The United States has likely entered a recession, according to the Federal Reserve’s key gauge for measuring economic activity.

The Atlanta Fed’s GDPNow measure, which tracks economic data in real time and continuously adjusts projections, says that the United States economy will shrink by 2.1% in the second quarter. A 2.1% contraction in the second quarter paired with the first quarter’s decline of 1.6% would meet the definition of a recession.

“GDPNow has a strong track record, and the closer we get to July 28th’s release [of the initial Q2 GDP estimate] the more accurate it becomes,” wrote Nicholas Colas, co-founder of DataTrek Research.

The tracker fell dramatically last week from an estimate of 0.3% after data “showing further weakness in consumer spending and inflation-adjusted domestic investment prompted the cut that put the April-through-June period into negative territory,” CNBC reported.

“One big change in the quarter has been rising interest rates,” CNBC added. “In an effort to curb surging inflation, the Fed has jacked up its benchmark borrowing rate by 1.5 percentage points since March, with more increases likely to come through the remainder of the year and perhaps into 2023.”

Last week, Federal Reserve Chairman Jerome Powell warned that the decision to fight inflation by increasing interest rates was “highly likely” to cause pain to Americans.

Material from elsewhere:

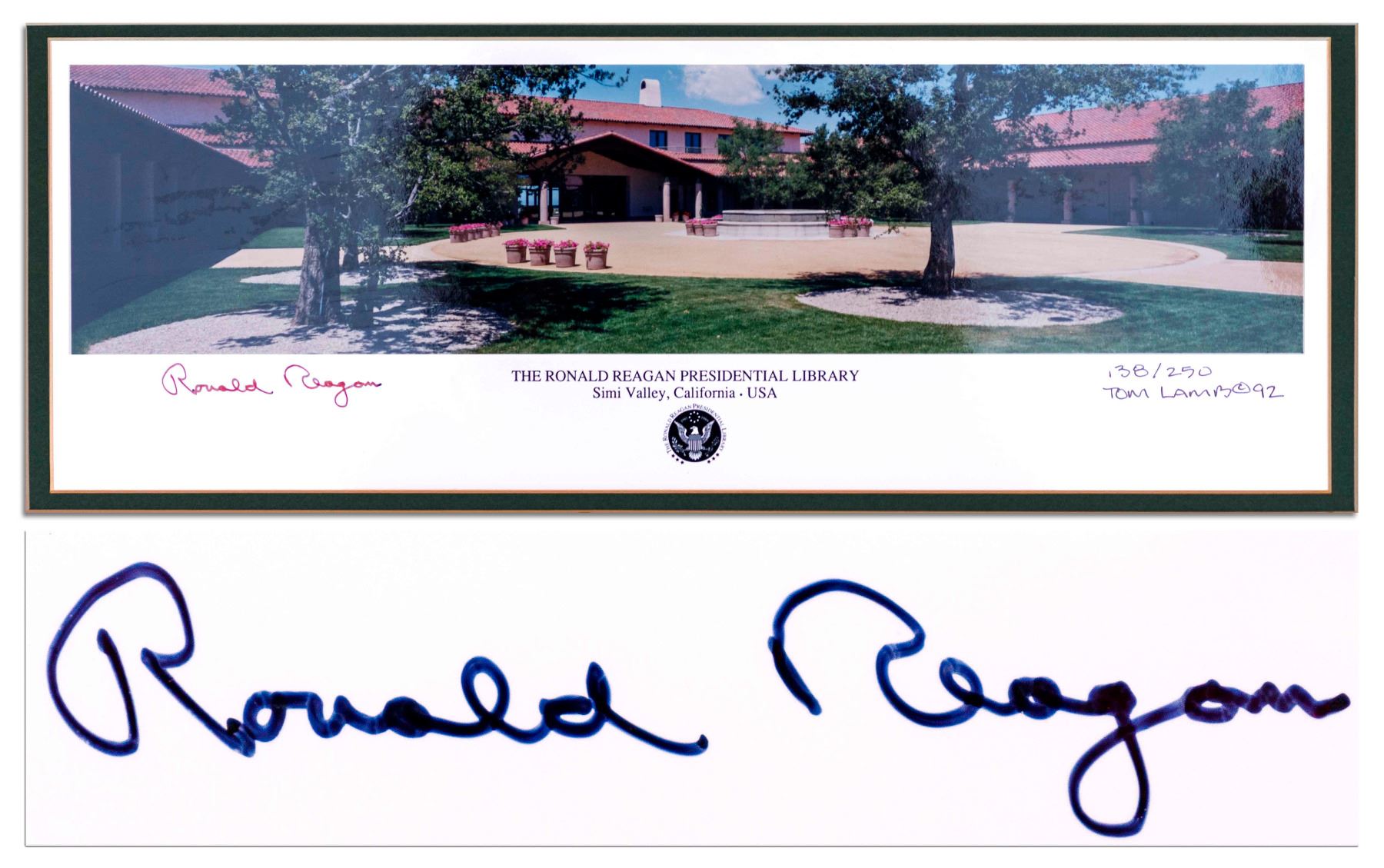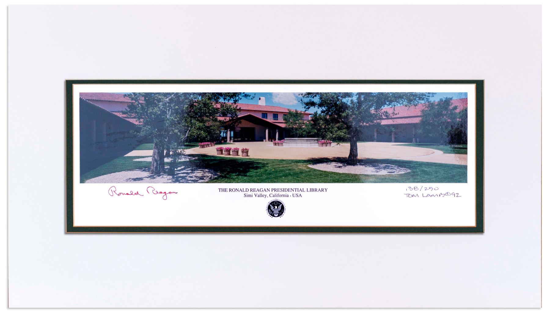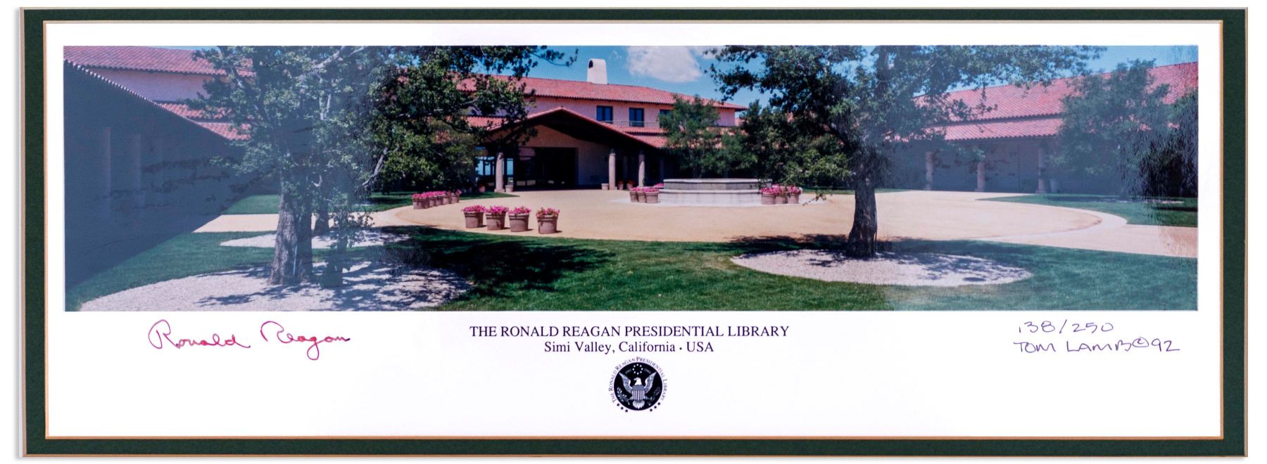 Beautifully preserved Ronald Reagan signed panoramic photo of his Presidential Library, #138 in a limited edition of 250 also signed by the photographer Thomas Lamb. Large glossy photo measures 17'' x 8'', boldly signed ''Ronald Reagan'' in black felt-tip. This was Reagan's favorite photograph of his Presidential Library. Double matted to a size of 20'' x 11.5''. Near fine condition with no flaws.

During the European Central Bank forum, host Francine Laqua asked Powell, “If you’re speaking out to the American people to try and help them understand how long it will take for, you know, monetary policy to go back to something that resembles normalcy … what would you tell them?”

“I would say that we fully understand and appreciate … the pain people are going through dealing with higher inflation, that we have the tools to address that and the resolve to use them, and that we are committed to and will succeed in getting inflation down to two percent,” Powell responded.

“The process is likely, highly likely to involve some pain, but the worst pain would be from failing to address this high inflation and allowing it to become persistent,” he added.